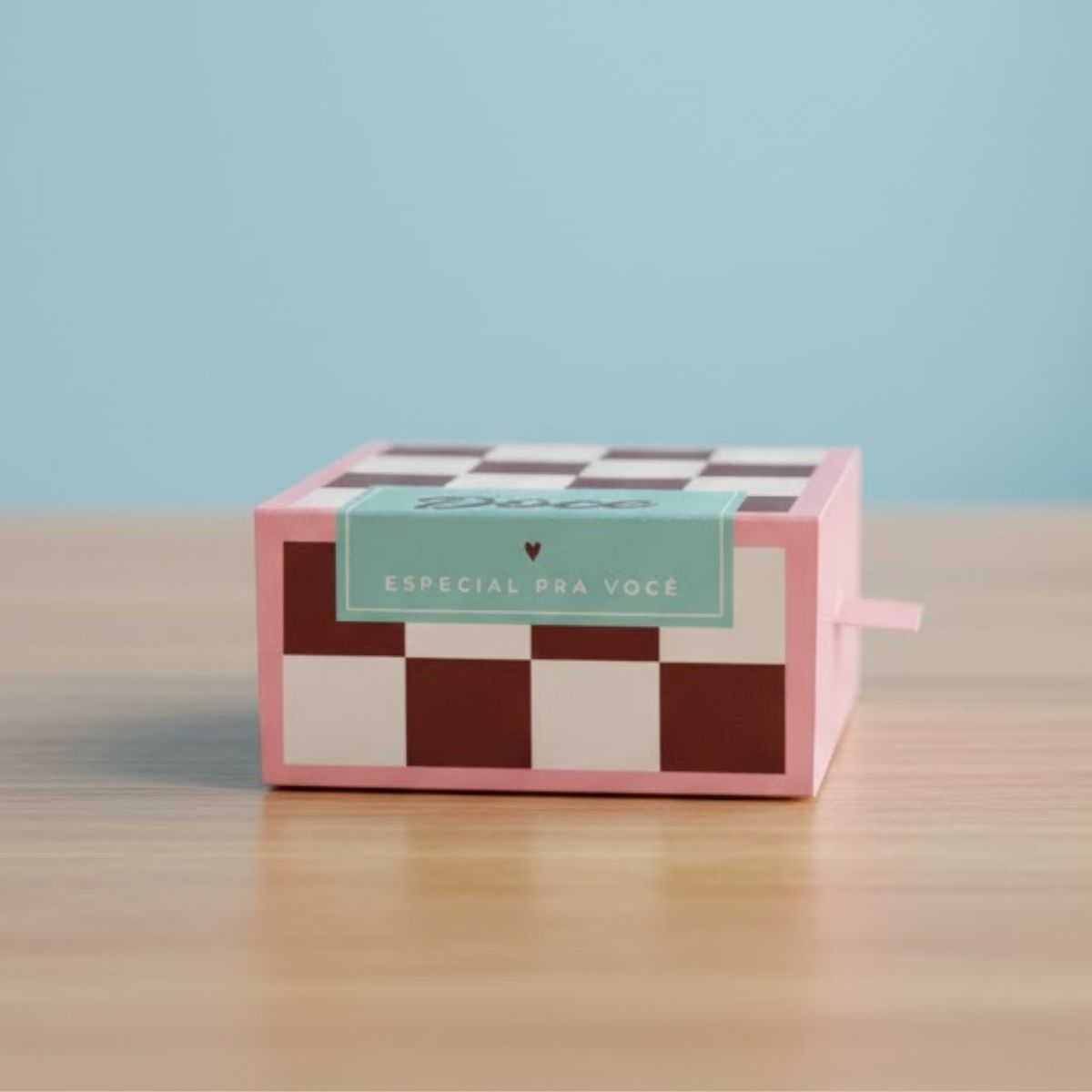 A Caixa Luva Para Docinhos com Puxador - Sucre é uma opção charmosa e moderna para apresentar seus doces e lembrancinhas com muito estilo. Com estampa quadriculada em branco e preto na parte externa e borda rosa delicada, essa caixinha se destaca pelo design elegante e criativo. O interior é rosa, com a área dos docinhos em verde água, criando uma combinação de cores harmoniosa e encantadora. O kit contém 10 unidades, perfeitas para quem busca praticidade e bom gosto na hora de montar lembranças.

********************

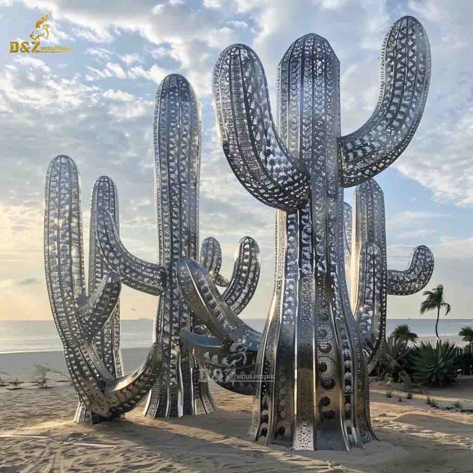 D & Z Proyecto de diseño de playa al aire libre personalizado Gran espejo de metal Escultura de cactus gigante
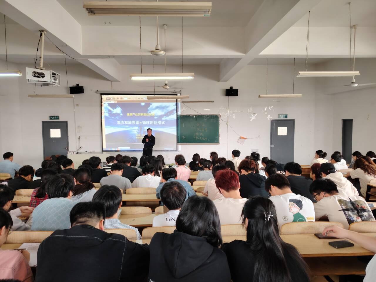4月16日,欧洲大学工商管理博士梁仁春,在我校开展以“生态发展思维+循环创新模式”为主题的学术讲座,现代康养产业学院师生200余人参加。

********************

*EXERCISE PROMPT*: Transcribe exactly the lines above, beginning at the one with "D & Z Proyecto" and going up to and including the one with "4月16日,欧洲大学工商管理". Pictures do not belong in the copy.

*SOLUTION*:
 D & Z Proyecto de diseño de playa al aire libre personalizado Gran espejo de metal Escultura de cactus gigante
4月16日,欧洲大学工商管理博士梁仁春,在我校开展以“生态发展思维+循环创新模式”为主题的学术讲座,现代康养产业学院师生200余人参加。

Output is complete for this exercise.